Architecture and novel components: All experiments use instruction-tuned autoregressive LLMs (Qwen2.5-7B-Instruct as primary). The UniSD framework wraps the standard on-policy training loop with five modular components: (A) Multi-Teacher Agreement: Given a student-sampled completion ŷ, the same trajectory is scored under K auxiliary teacher views π_k(ŷ_t | x, c_k, ŷ_{<t}), where contexts c_k are constructed via retrieval (nearest-neighbor few-shot), random sampling, or induced abstract instructions. Disagreement is measured at token level (variance/range of per-token log-likelihoods across K views) or sequence level (variance of aggregated per-view log-likelihoods). The resulting δ_t or δ_seq is used to compute reliability weights w_t that down-weight high-disagreement positions in the distillation loss. Crucially, all K views share one teacher model and are batched across contexts — no extra model copies are loaded. (B) EMA Teacher: A temporally smoothed teacher is maintained via θ̄_n = β·θ̄_{n-1} + (1-β)·θ_n with β ∈ [0,1]. The EMA teacher defines the target distribution replacing the primary teacher in Eq. 1, preventing transient overconfident predictions from propagating. This addresses temporal drift, complementing agreement's within-step reliability estimation. (C) Token-Level Contrastive Learning: A margin-based auxiliary loss encourages on-policy student completions to be closer (in per-token log-likelihood distance) to correct teacher-conditioned trajectories (d+_t) than to incorrect alternatives (d-_t): L_aux = Σ_t m_t · max(0, γ + d+_t - d-_t).

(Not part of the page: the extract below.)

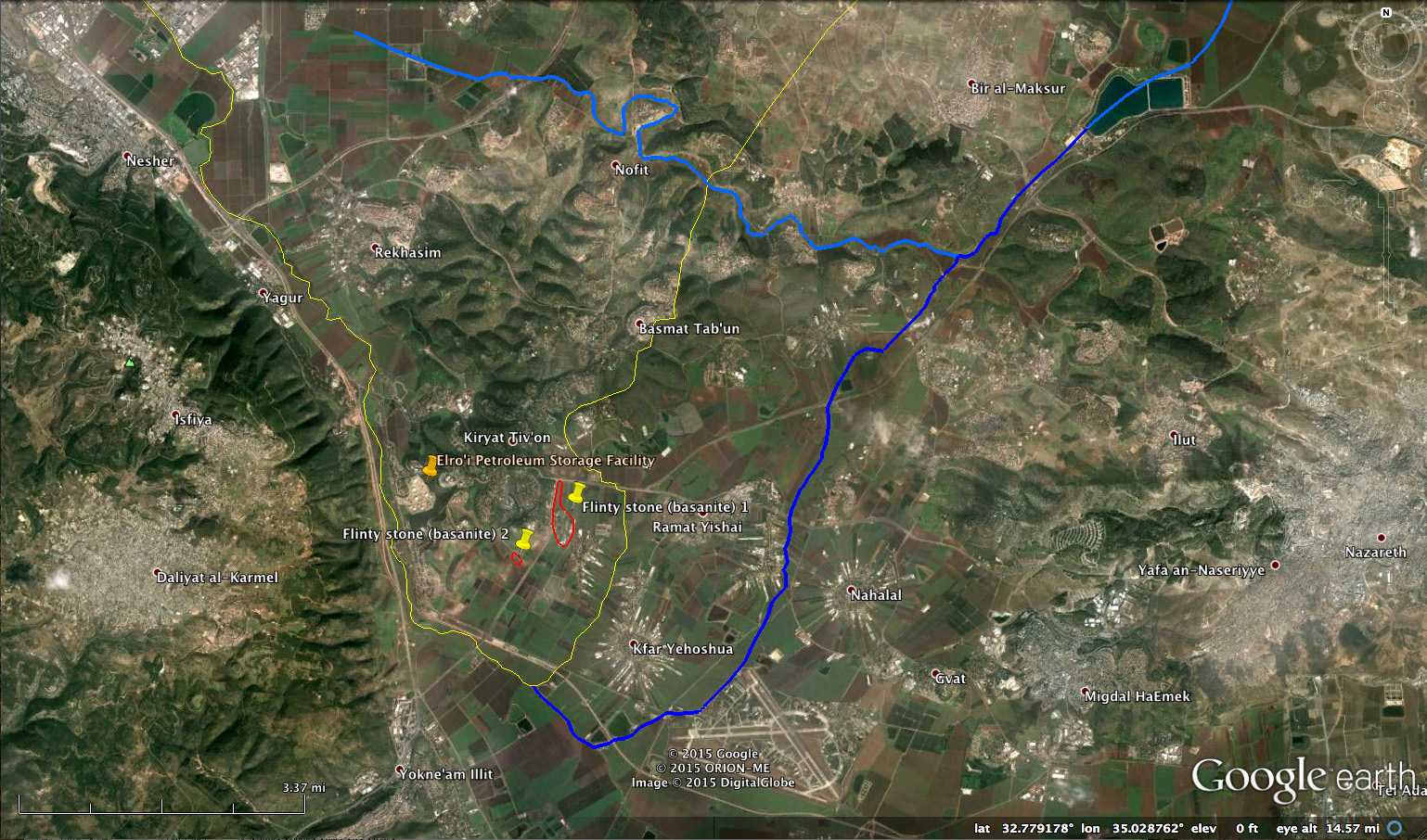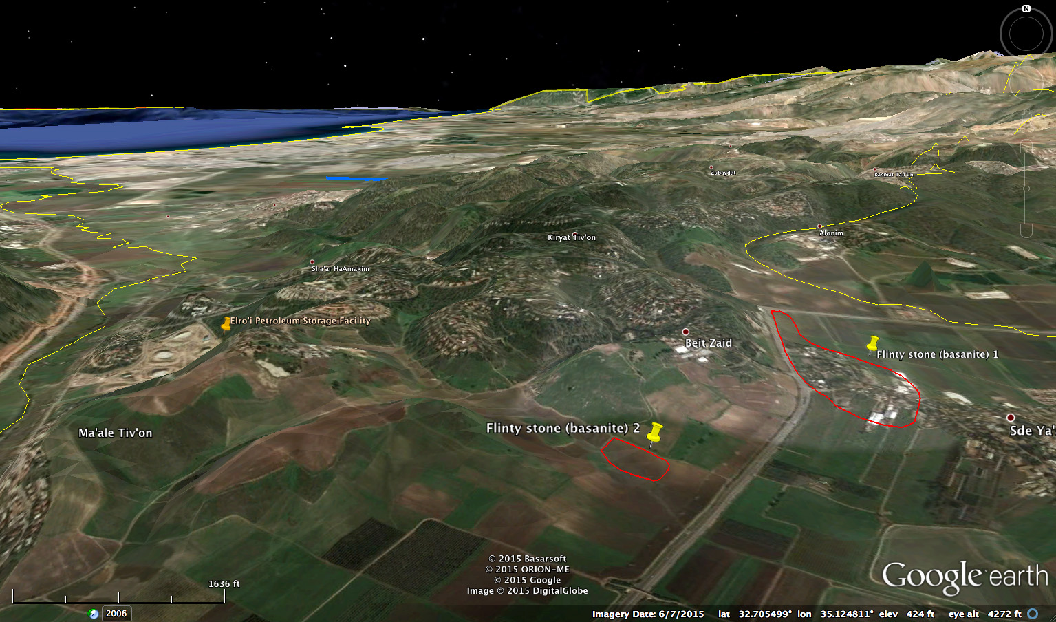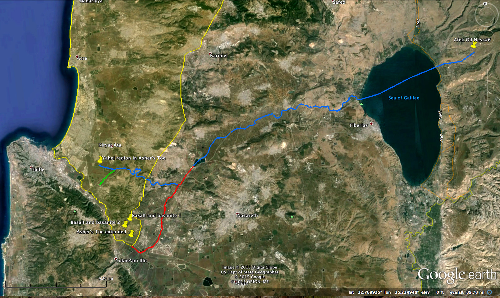 Fault path from Asher's 'toe' to Afek oil wells

This is a hinge-style margin loss applied token-by-token on completion positions. (D) Feature Matching: An L2 regularization term between student and teacher final-layer hidden states on completion tokens: L_feat = Σ_t m_t ||f^θ_t - f*_t||^2. Two variants are tested: representation-only matching and joint logit+representation matching. This addresses the gap between output distribution alignment and internal representational structure. (E) Divergence Clipping: Token-level KL/JSD divergences are capped at scalar threshold κ before applying reliability weights: D̃_t = min(D_t, κ). This prevents rare high-divergence tokens (e.g., stylistic outliers) from dominating the gradient. When κ is unspecified, the objective reduces to unclipped distillation. Forward-KL, reverse-KL, and weighted JSD are all supported as the base divergence.

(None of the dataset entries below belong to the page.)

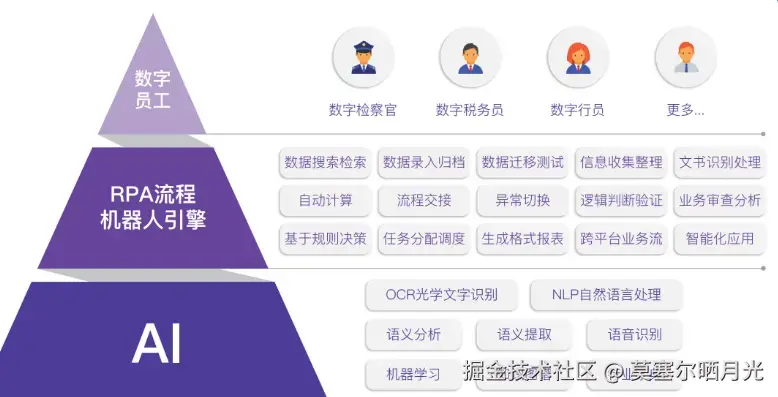 传统 RPA 适用于规则明确的重复任务,融入 AI 技术后能力大增。融合自然语言处理、机器学习等技术的 RPA,可处理政策文件等非结构化数据。如实在智能的 “政策计算器”,能自动匹配企业与政策福利,解决人工审核弊端,实现 “感知 - 分析 - 执行” 一体化,为决策提供科学依据。
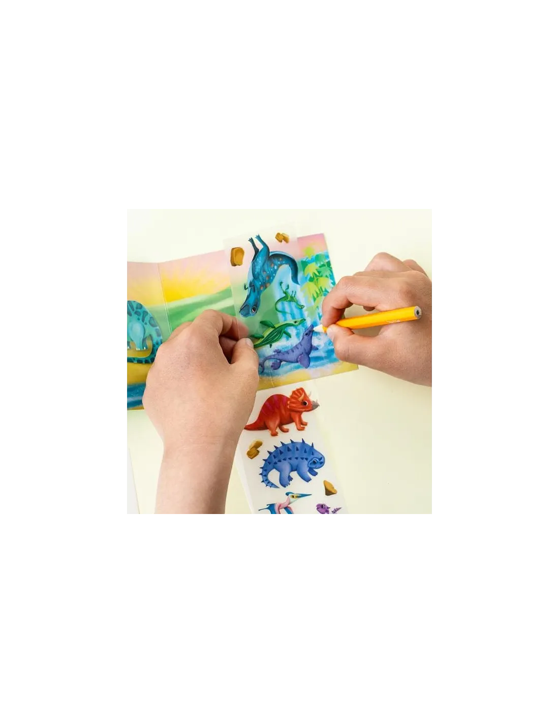 Zabawa jest niezwykle prosta – wybierz arkusz kalkomanii, zdejmij papier podkładowy, przyłóż wybrany element do szablonu i potrzyj dołączonym ołówkiem. W kilka chwil kolorowa naklejka przeniesie się na planszę, tworząc barwną, prehistoryczną scenę. To kreatywna zabawa, która rozwija motorykę małą, koncentrację oraz koordynację ręka–oko, zapewniając jednocześnie mnóstwo radości.
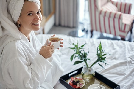 Beautiful Luxury Life. Breakfast. Happy Girl with a Cup of Coffee. Home Style Relaxation Woman Wearing Bathrobe and Towel after Shower. Spa Good Morning.

Training regime: The primary model is Qwen2.5-7B-Instruct. Scale ablations use Qwen2.5 at 0.5B, 1.5B, 3B. Cross-family experiments use Llama-3.1-8B-Instruct and Gemma-3-4B-it. Specific hyperparameters (learning rate, batch size, number of epochs, EMA β, clipping κ, margin γ, number of auxiliary views K) are partially described: sensitivity analyses over K (shown in Appendix Figs 9 and 10) and γ (γ ∈ {0.01, 1.0} mentioned) are conducted. Training hardware and wall-clock times are partially shown in Fig 5 (left), which plots training time in minutes vs. accuracy on ScienceQA; agreement variants are slower than clipping, which is the most runtime-efficient. Full hyperparameter tables appear to be in the appendix, not included in the truncated text. Seed strategy is not described.

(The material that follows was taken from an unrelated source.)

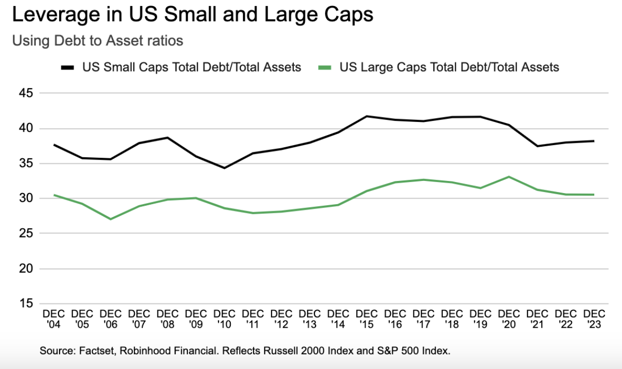 US Small Caps have 20-30% higher debt levels, on average, than US Large Caps.
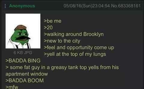 Lastly NO ONE in New York uses the phrase “badda bing badda boom”, that’s some lame Hollywood trope, I’ve literally never heard anyone use it in real life.

Evaluation protocol: The primary metric is task accuracy (exact match or pass@1 for code) averaged across benchmarks into an 'Overall' score. Secondary metrics include: (1) Gold-completion fit — teacher-forced perplexity PPL_fit on reference completions, measuring whether adaptation makes correct outputs more likely; (2) Base-distribution retention — PPL_ret, computed by scoring adapted model completions under the original base model π_0, measuring distributional drift; (3) Token-level JSD between adapted and base next-token distributions. Baselines are SFT, SDFT, GKD, SSD, and OPSD. Ablations test each UniSD component in isolation (Table 1) and in combination (UniSD*). Cross-scale ablation (Fig 3a) and cross-family ablation (Fig 7) are conducted. No statistical significance tests (e.g., bootstrap confidence intervals) are reported in the visible text. The OOD evaluation (GPQA for science, HumanEval for code) specifically tests transfer without any training on those distributions.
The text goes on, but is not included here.